Finalmente Corrado Barbera. Il 2002 di Cuneo strappa nello slalom di Adelboden i primi punti di Coppa del Mondo. E lo fa non su un pendio a caso, ma leggendario: con il 66 entra nei trenta sul leggendario Chuonisbaergli dimostrando di essere tecnicamente assai valido. Numero proibitivo a parte, chiudere nei primi trenta lo slalom monumento di Adelboden significa che il livello c’è. Ha lottato tanto Corra, ce lo avevo detto prima di Madonna di Campiglio che stava battagliando non poco per superare un momento difficile. Ci teneva a far bene sul Canalone Miramonti e lo abbiamo visto sconsolato al termine della gara trentina. Ma Barbera si è rifatto subito ed ecco questo 28° posto che vale tanto oggi.

Ci dice Corrado: «Ero arrabbiato per non essermi qualificato quattro giorni fa. In partenza avevo questa rabbia dentro ma allo stesso tempo anche la consapevolezza di poter far bene perchè stavo crescendo come condizione. Sono partito determinato e agguerrito più che mai e arrivare in fondo per sessantaseiesimo e osservare al tabellone che ero qualificato per la seconda run mi ha fatto esplodere di felicità, di entusiasmo. Questa è la mia gioia sportiva più grande, anche più importante rispetto all’oro dei Mondialini, avevo bisogno di questo risulato, stavo attraversando un periodo difficile. E poi i primi punti su una pista mito come questa hanno un valore pazzesco. Nella seconda non ero partito male, anzi. Poi ho commesso un errore e non ho voluto più rischiare. Il livello dello slalom è assai alto e poi se ci mettiamo il pendio così severo. E’ stato fantastico vedere ancora lo skistadium stracolmo quando sono sceso, che soddisfazione oggi i primi punti in Coppa del Mondo».

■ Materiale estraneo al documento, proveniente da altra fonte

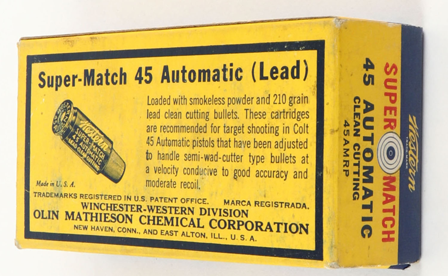 Western, Super Match, .45 Automatic, 210 Grain Lead Clean Cutting Bullet, Full, 1pc. Yellow & blue box, box is solid with excellent to minty color, very minor shelf & corner wear, edges are crisp, end flaps are solid, ammo is excellent to minty. Grade: Excellent ++ - Value: 20 to 60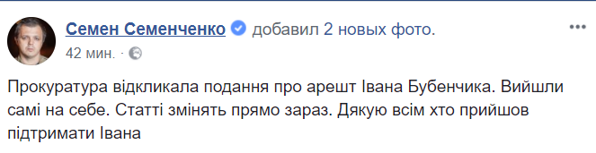 Напомним, группа следователя по делам Майдана Сергея Горбатюка пыталась вменить Бубенчику убийство, но Луценко, после поднявшейся волны неодобрения со стороны национал-патриотов, решил поменять статью.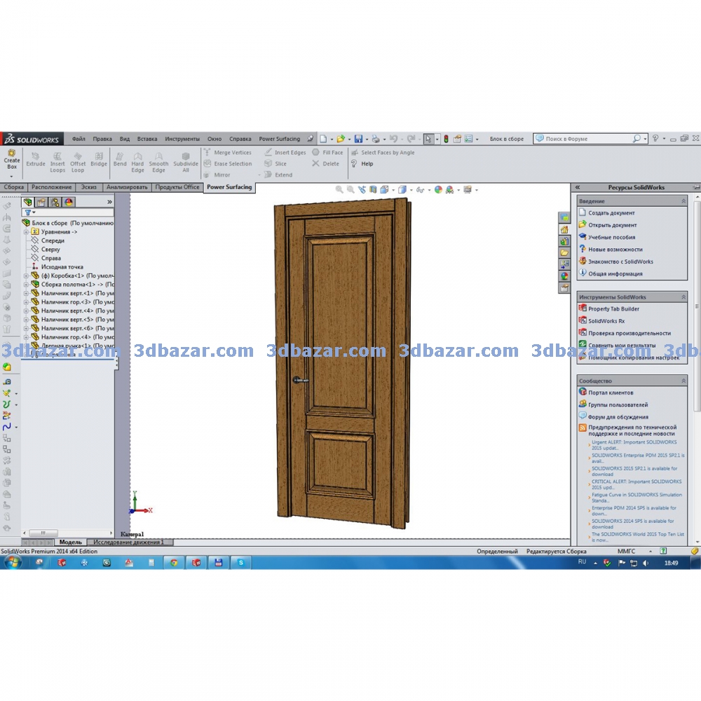 Дверной блок, среда моделирования SolidWorks 2014, габаритные размеры по коробке 2150 х 850 х 120 мм, полностью параметрическая модель перестраивается по глобальным размерам высоте ширине и глубине коробки.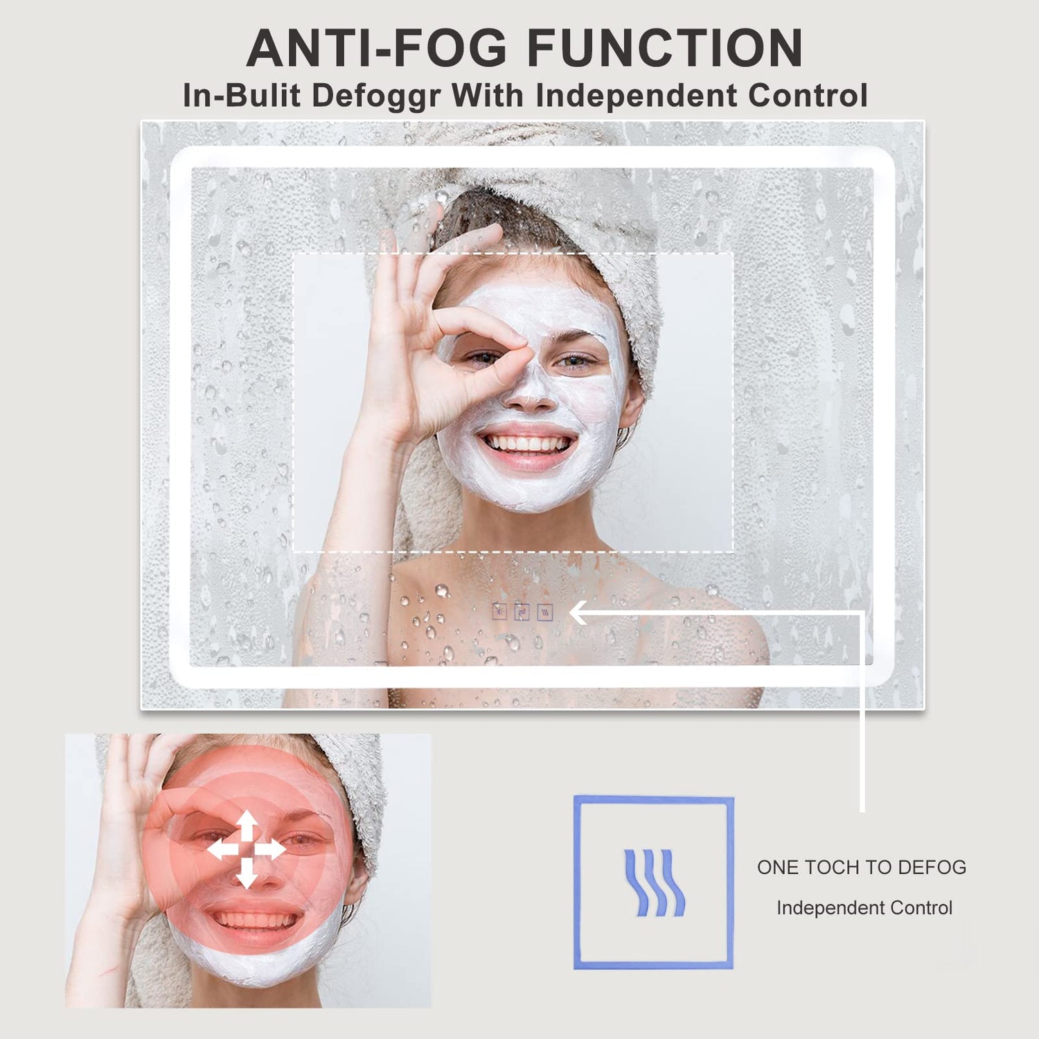 - Anti-Fog Function: Built-in defogger ensures the LED vanity mirror stays clear and fog-free. The anti-fog switch is a separate control, which is safe and energy-saving. You can turn it on and off according to your need.

Ecco Andrea Truddaiu, l’allenatore responsabile del gruppo Coppa Europa che era in pista ad Adelboden: «Lo alleno da qualche anno, so e sappiamo quanto impegno ci mette il ragazzo per riuscire ad emergere in Coppa del Mondo. Voleva a tutti i costi la qualifica, è arrivata finalmente. Una gioia per tutti, anche se sappiamo che è il primo passo di un lungo viaggio e bisogna lavorare sodo per continuare ad essere regolari. Poteva arrivare prima? Si, ma ci voleva un pò di pazienza. Siamo consapevoli del valore di questi ragazzi, giusto dare fiducia. Ripeto, adesso avanti e sotto con i prossimi appuntamenti».